To make better fuel cells, study the defects

(Nanowerk News) Engineers trying to improve fuel-cell catalysts may be looking in the wrong place, according to new research at Cornell.
There is growing interest in forming the catalysts that break down fuel to generate electricity into nanoparticles. Nanoparticles provide a larger surface area to speed reactions, and in some cases, materials that are not catalytic in bulk become so at the nanoscale.
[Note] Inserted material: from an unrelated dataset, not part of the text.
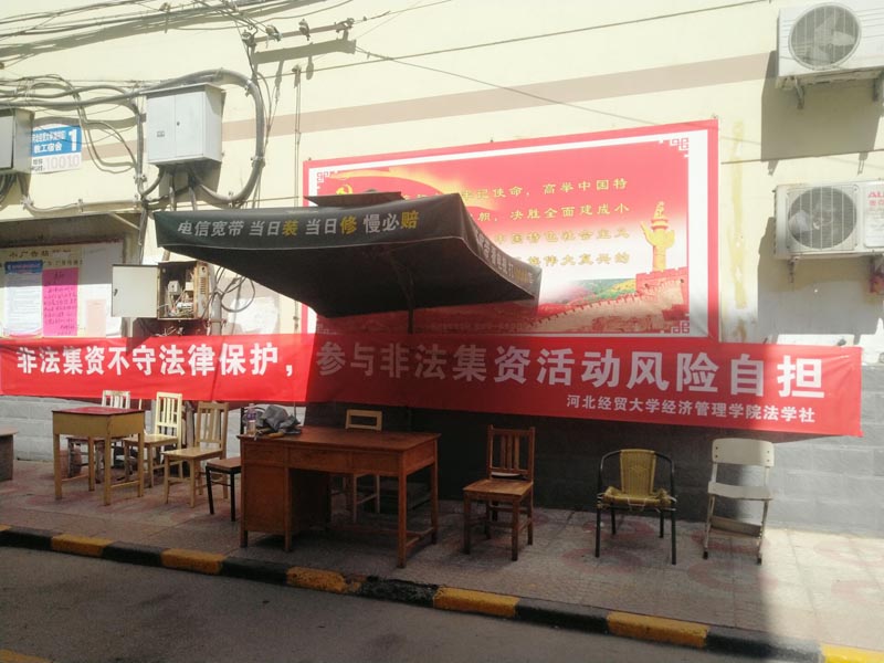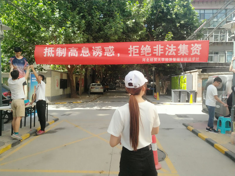 根据河北省教育厅《2018年防范非法集资宣传月活动工作方案》的通知要求,Beat365官网精心组织,广泛宣传,近期在学院及家属区组织开展了一系列防范打击非法集资宣传活动。

These nanoparticles, typically just a few tens of nanometers (nm) wide, are not neat little spheres, but rather jagged chunks, like microscale gravel, and researchers have found that they can correlate catalytic activity with information about the number and type of their surface facets. But they may be looking at the forest and ignoring the trees.
gold catalyst
When Amplex Red connects with a gold catalyst the structure is changed to make a fluorescent molecule that immediately emits a flash of light, showing where the catalytic event took place. Right, electron microphoto of a single gold nanorod, encased in a poirus silica shell. The shell keeps rods from clumping together and allows experimenters to use heat to clean away a coating that forms when the rods are created.
"People measure the activity of a sample and then try to understand by using facet information," said Peng Chen, associate professor of chemistry and chemical biology. "The message we want to deliver is that surface defects [on the facets] dominate the catalysis."
Chen's research is reported Feb. 19 in the online edition of the journal Nature Nanotechnology ("Quantitative super-resolution imaging uncovers reactivity patterns on single nanocatalysts").
Instead of particles, Chen's research group studied catalytic events on gold "nanorods" up to 700 nm long, effectively letting them see how activity varies over a single facet. Gold acts as a catalyst to convert a chemical called Amplex Red into resorufin, which is fluorescent.
Each time a catalytic event occurs, the newly created molecule of resorufin emits a flash of light that is detected by a digital camera looking through a microscope. A flash typically appears as several pixels, and additional computer processing averages their brightness to pinpoint the actual event to within a few nanometers. The researchers call the technique "super-resolution microscopy." After flooding a field of nanorods with a solution of Amplex Red, they made a "movie" with one frame every 25 milliseconds.
The researchers found more catalytic events near the middle of a rod, tapering off toward the ends and a jump back up at the ends. They also found variation in the amount of activity from one rod to another, even though all the rods have the same types of facets.
To explain the results, they proposed that activity is higher in areas where there are more surface defects. The nanorods are made by growing gold crystals from a small "seed" crystal, growing outward from the center to the ends, Chen explained, and more defects form at the beginning of the process.
"Knowledge of the surface facets ... is insufficient to predict reactivity," the researchers said in their paper. "Surface defects … can also play a dominant role."
The findings with a gold catalyst and fluorescent molecules should be equally applicable to other catalysts, including those used in fuel cells and for pollution remediation, Chen said.
The research was supported in part by the Army Research Office, the National Science Foundation (NSF), the Department of Energy and the Alfred P. Sloan Foundation. Part of the work was carried out at the Cornell Center for Materials Research and the Cornell Nanoscale Science and Technology Facility, both supported by NSF.